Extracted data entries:
'''
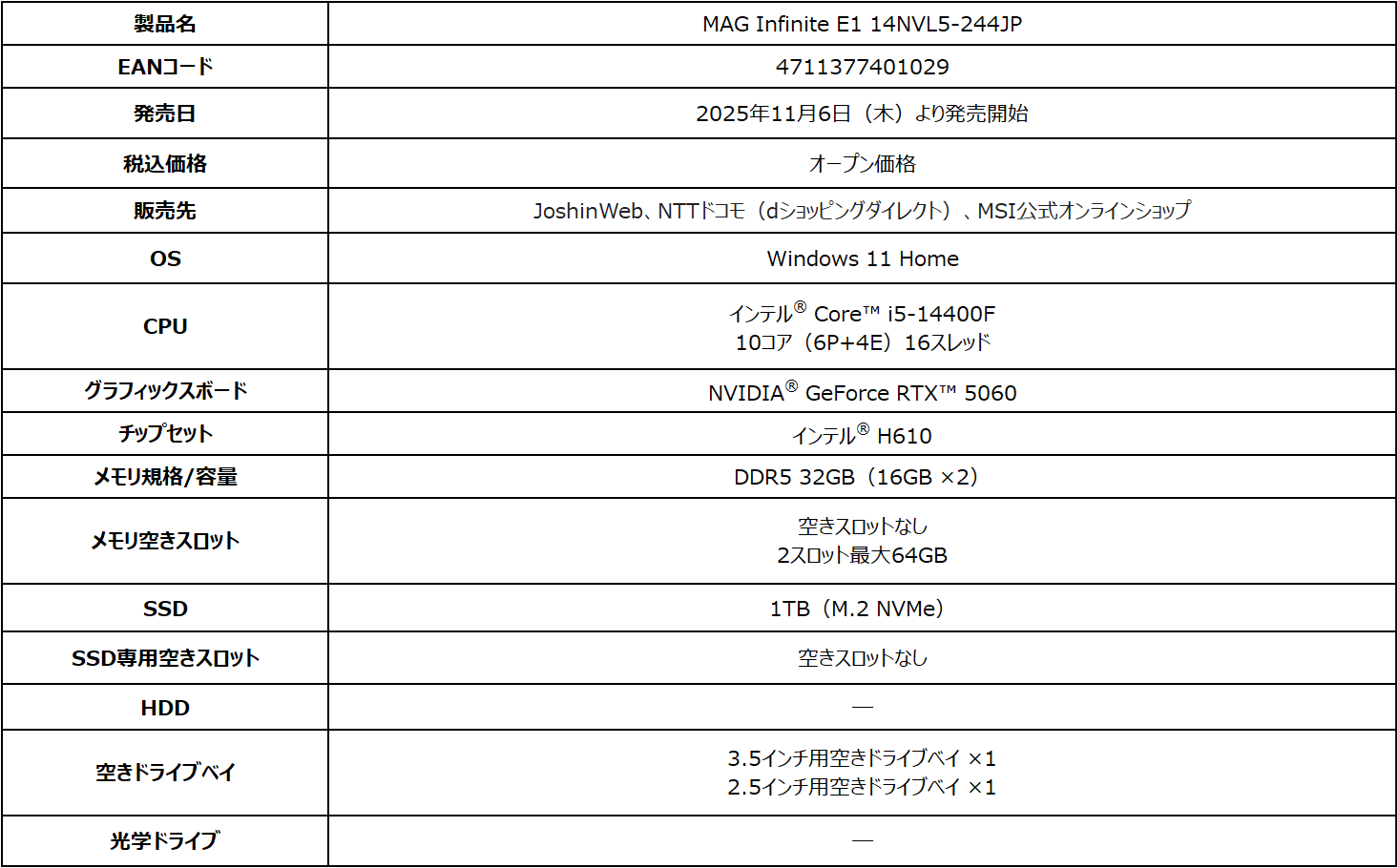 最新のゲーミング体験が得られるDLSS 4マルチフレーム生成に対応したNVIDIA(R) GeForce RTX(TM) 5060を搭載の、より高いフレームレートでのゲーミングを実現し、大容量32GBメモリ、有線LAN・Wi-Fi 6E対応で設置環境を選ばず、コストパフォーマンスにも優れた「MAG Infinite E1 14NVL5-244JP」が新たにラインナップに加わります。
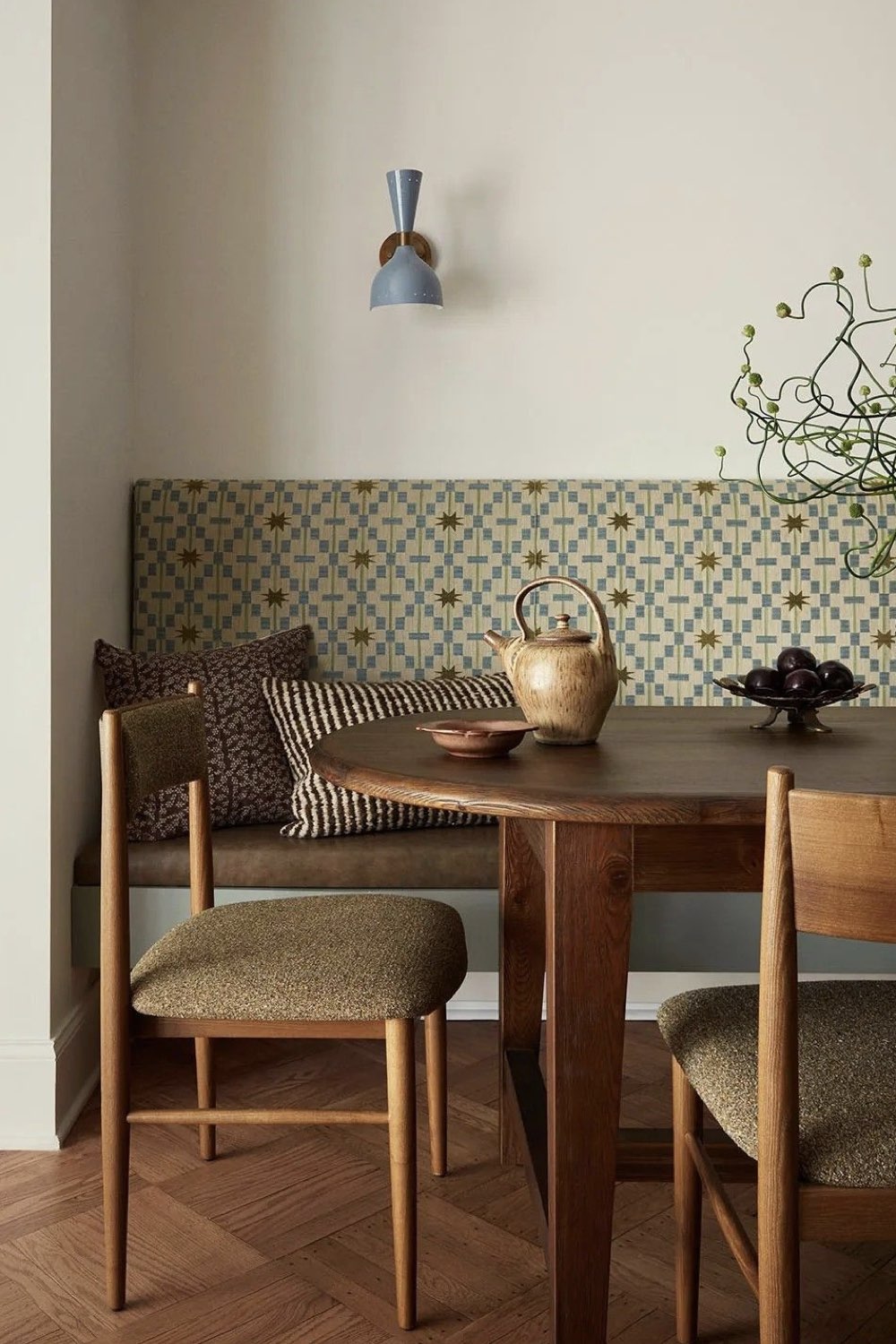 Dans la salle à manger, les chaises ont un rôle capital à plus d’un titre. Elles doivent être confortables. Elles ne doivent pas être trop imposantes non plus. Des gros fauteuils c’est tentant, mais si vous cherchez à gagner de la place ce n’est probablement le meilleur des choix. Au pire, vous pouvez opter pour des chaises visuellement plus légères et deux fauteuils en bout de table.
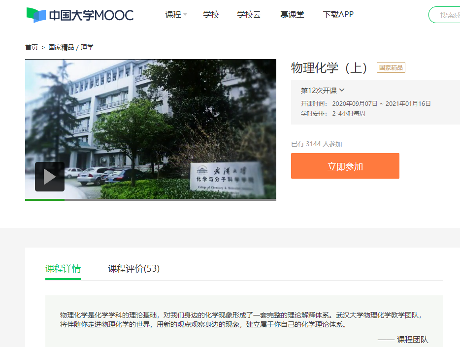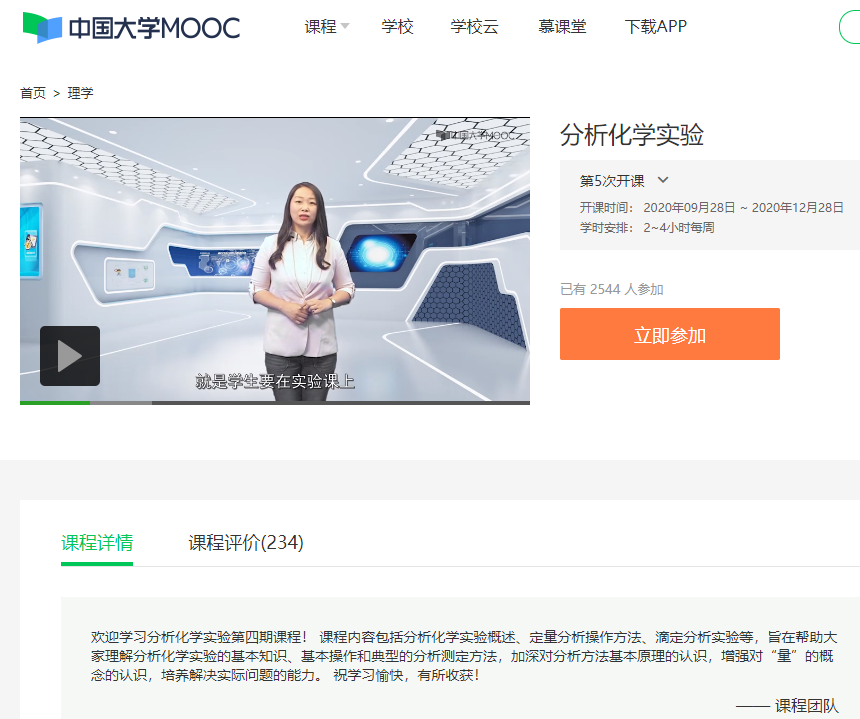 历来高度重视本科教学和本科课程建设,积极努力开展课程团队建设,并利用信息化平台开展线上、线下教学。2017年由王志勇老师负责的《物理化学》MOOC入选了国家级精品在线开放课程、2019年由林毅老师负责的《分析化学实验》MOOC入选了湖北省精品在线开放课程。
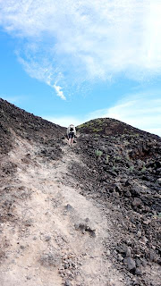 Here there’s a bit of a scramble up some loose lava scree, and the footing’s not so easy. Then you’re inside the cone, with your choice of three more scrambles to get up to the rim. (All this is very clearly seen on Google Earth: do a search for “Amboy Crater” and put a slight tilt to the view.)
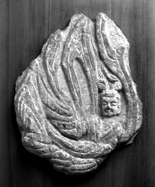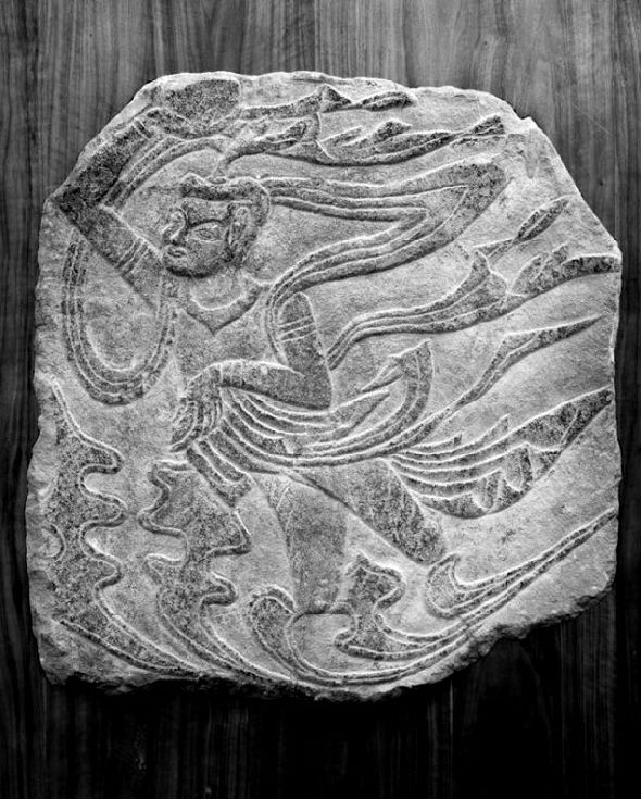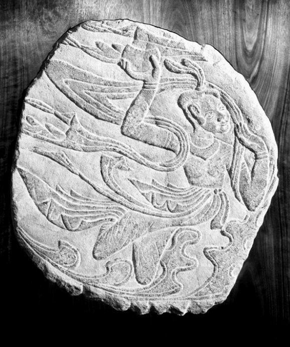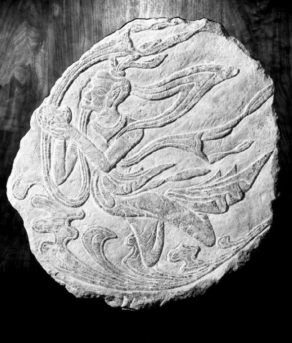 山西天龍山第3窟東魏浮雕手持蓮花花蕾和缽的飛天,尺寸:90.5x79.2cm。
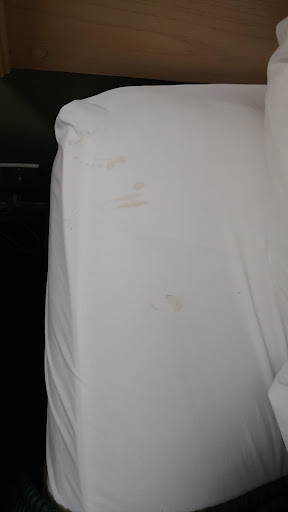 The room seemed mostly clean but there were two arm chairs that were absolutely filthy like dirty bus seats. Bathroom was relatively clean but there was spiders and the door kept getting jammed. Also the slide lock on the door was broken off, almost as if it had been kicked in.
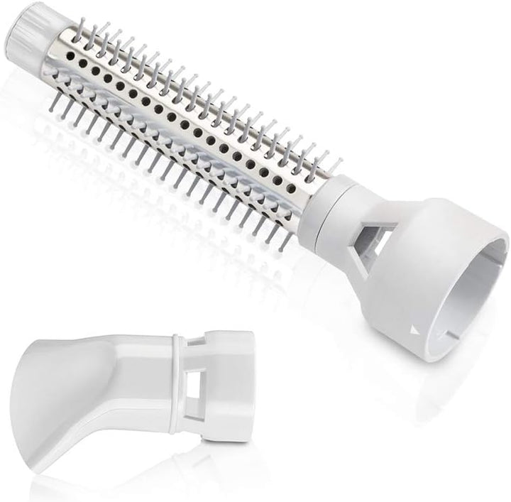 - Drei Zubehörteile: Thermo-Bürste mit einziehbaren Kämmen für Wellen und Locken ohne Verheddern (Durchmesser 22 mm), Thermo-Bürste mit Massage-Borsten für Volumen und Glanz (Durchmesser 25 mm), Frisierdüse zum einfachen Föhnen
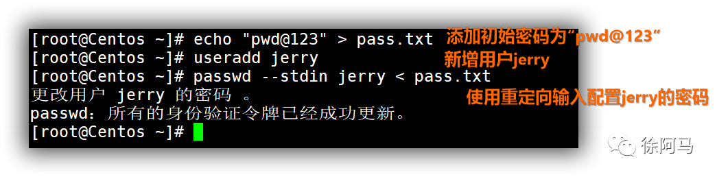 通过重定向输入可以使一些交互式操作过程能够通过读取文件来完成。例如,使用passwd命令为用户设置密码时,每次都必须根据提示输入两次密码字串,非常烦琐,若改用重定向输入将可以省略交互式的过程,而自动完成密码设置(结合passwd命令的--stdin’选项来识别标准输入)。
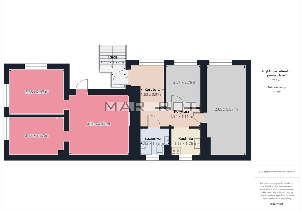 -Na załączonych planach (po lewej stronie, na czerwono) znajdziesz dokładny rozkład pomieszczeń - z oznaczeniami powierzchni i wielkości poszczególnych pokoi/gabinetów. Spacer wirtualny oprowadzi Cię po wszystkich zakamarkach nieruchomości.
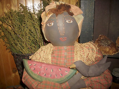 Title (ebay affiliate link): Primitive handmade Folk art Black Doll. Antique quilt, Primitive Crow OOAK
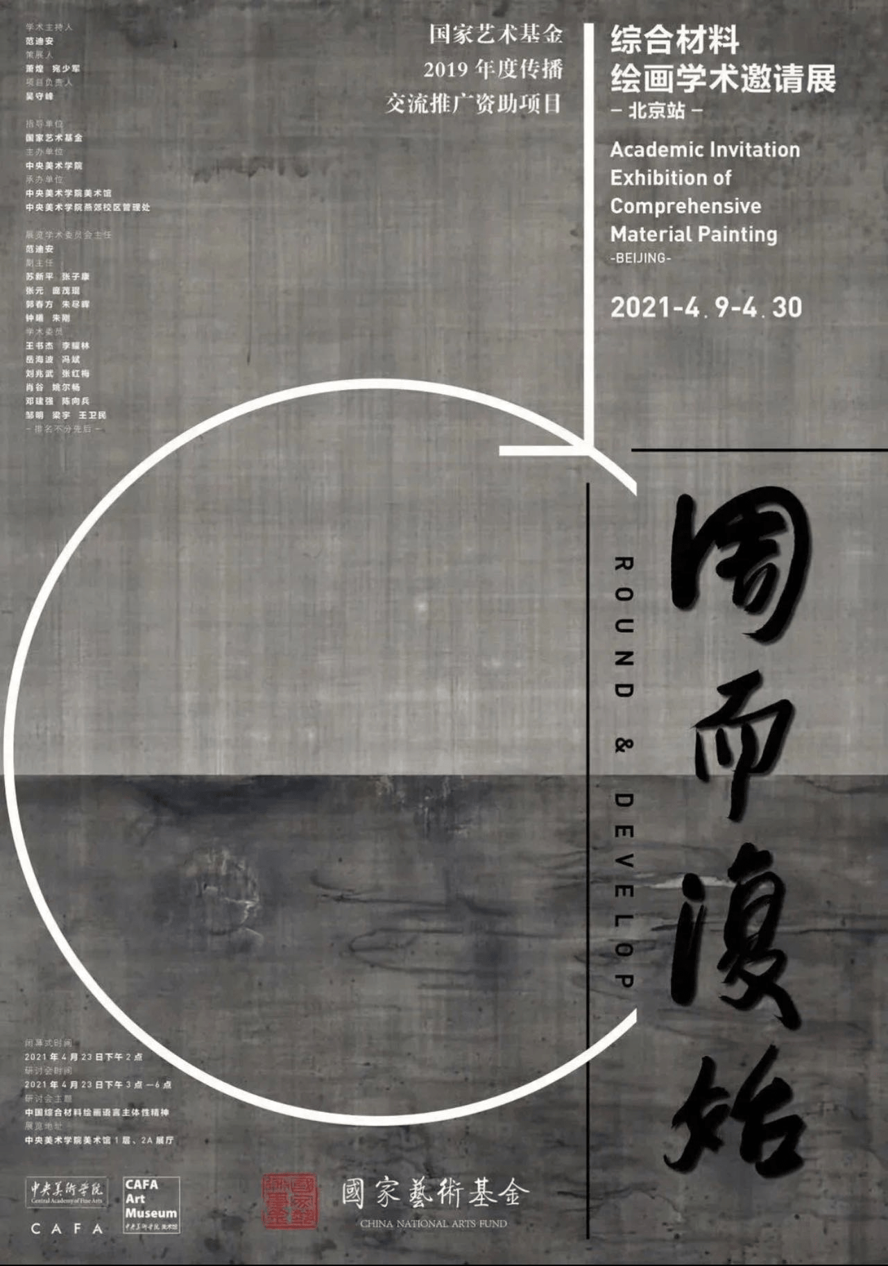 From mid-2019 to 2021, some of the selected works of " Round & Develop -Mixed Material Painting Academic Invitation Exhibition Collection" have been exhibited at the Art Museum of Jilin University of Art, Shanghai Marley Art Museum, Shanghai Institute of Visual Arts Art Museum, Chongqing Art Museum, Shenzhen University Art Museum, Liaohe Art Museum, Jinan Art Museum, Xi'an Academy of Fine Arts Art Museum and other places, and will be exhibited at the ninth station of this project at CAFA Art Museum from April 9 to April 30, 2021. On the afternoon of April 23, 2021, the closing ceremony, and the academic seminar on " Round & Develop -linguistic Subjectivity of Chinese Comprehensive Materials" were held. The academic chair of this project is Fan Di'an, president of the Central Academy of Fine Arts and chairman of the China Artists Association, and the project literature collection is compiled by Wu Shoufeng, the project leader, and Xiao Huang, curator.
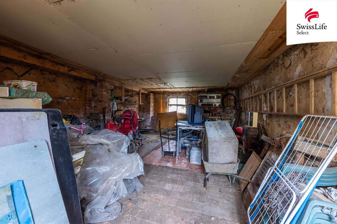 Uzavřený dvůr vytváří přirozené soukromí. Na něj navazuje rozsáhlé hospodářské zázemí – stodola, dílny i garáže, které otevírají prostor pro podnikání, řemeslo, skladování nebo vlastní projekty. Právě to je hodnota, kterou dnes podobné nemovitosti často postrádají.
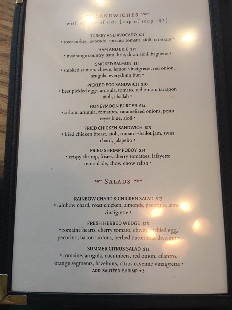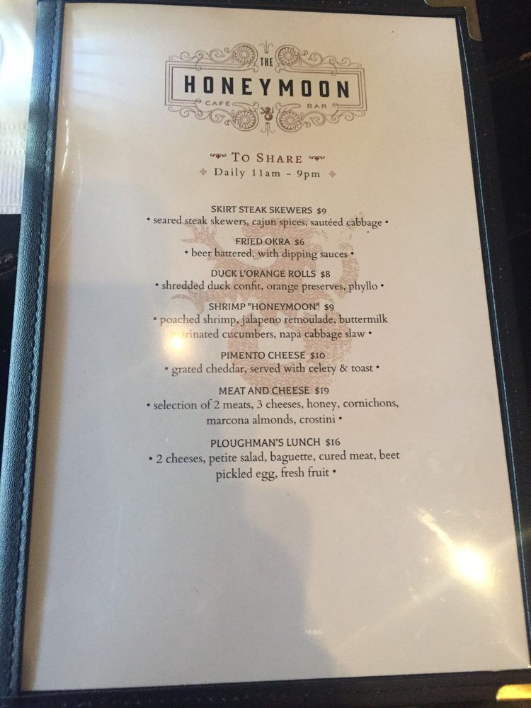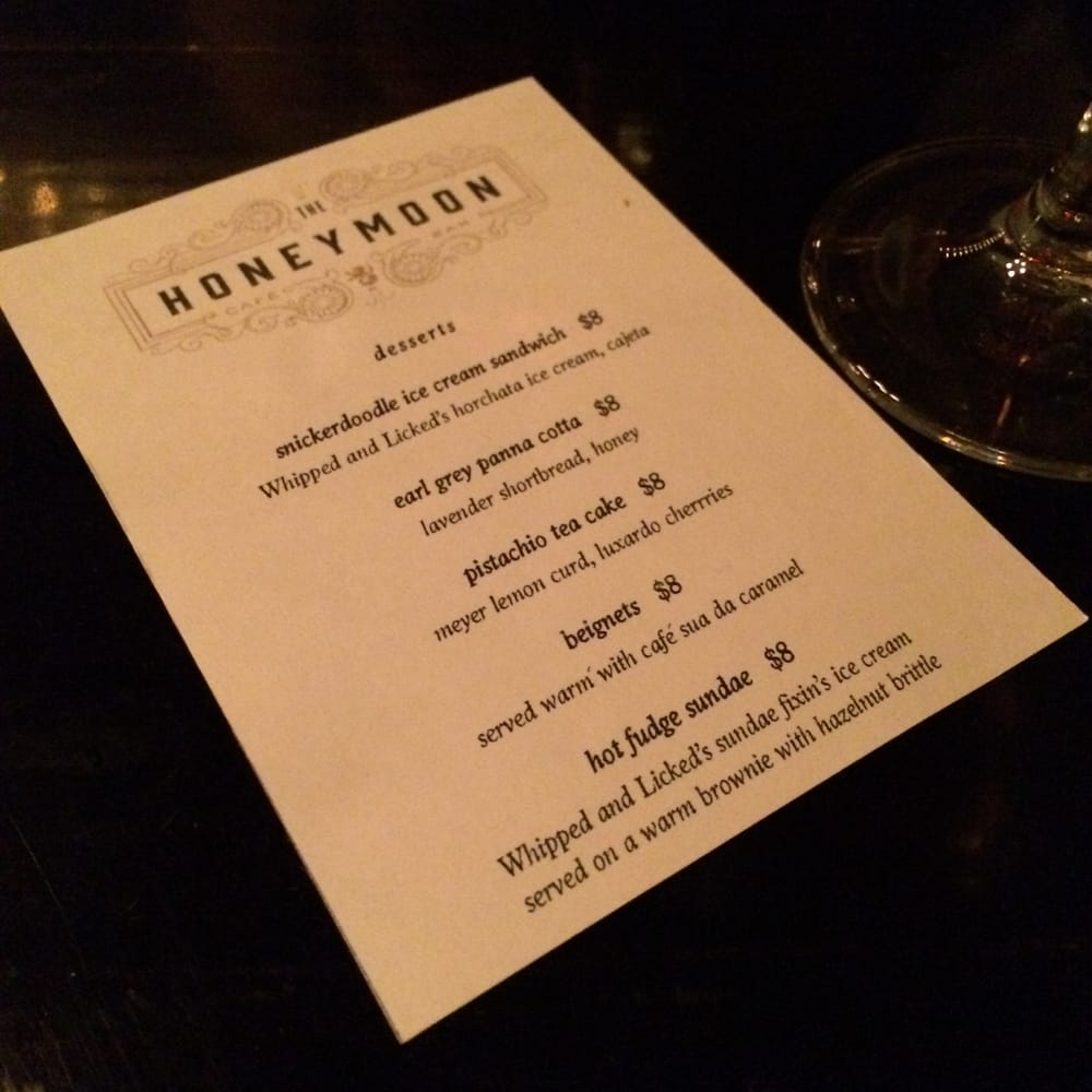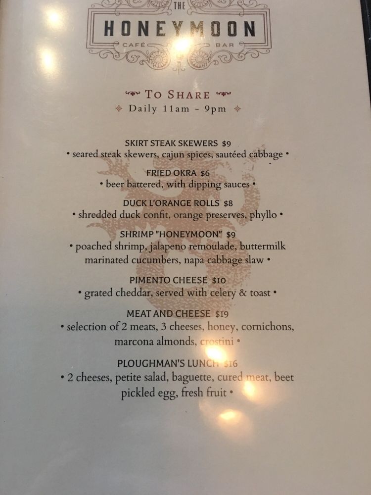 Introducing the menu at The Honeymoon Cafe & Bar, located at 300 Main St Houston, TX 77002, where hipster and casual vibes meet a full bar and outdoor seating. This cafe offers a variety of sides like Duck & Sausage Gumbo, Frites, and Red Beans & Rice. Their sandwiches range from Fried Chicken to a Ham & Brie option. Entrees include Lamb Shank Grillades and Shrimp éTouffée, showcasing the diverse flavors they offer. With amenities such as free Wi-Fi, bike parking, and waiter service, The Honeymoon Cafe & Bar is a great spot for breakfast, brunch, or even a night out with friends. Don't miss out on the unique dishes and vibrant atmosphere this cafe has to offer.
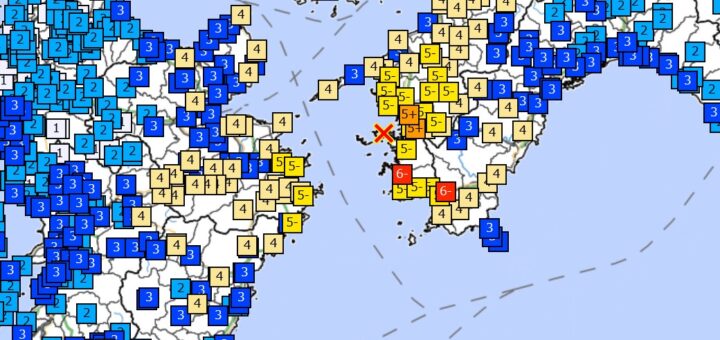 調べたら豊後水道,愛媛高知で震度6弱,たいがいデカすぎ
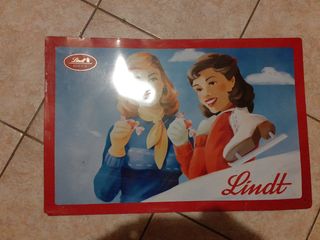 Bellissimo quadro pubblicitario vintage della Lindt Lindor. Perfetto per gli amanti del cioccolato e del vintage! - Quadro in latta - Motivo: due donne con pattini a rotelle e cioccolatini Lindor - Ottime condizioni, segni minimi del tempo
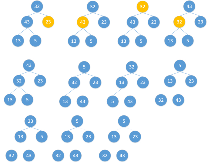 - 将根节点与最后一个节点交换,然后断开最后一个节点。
'''
▶ _WHAT YOU WILL DO_
A verbatim reproduction is expected: starting at the line above that has "山西天龍山第3窟東魏浮雕手持蓮花花蕾和缽的飛天,尺寸:90.5x79.2cm。", ending at the line that has "通过重定向输入可以使一些交互", both included, and with no pictures and no other lines.

▶ _EXERCISE SOLUTION_
 山西天龍山第3窟東魏浮雕手持蓮花花蕾和缽的飛天,尺寸:90.5x79.2cm。
 The room seemed mostly clean but there were two arm chairs that were absolutely filthy like dirty bus seats. Bathroom was relatively clean but there was spiders and the door kept getting jammed. Also the slide lock on the door was broken off, almost as if it had been kicked in.
 - Drei Zubehörteile: Thermo-Bürste mit einziehbaren Kämmen für Wellen und Locken ohne Verheddern (Durchmesser 22 mm), Thermo-Bürste mit Massage-Borsten für Volumen und Glanz (Durchmesser 25 mm), Frisierdüse zum einfachen Föhnen
 通过重定向输入可以使一些交互式操作过程能够通过读取文件来完成。例如,使用passwd命令为用户设置密码时,每次都必须根据提示输入两次密码字串,非常烦琐,若改用重定向输入将可以省略交互式的过程,而自动完成密码设置(结合passwd命令的--stdin’选项来识别标准输入)。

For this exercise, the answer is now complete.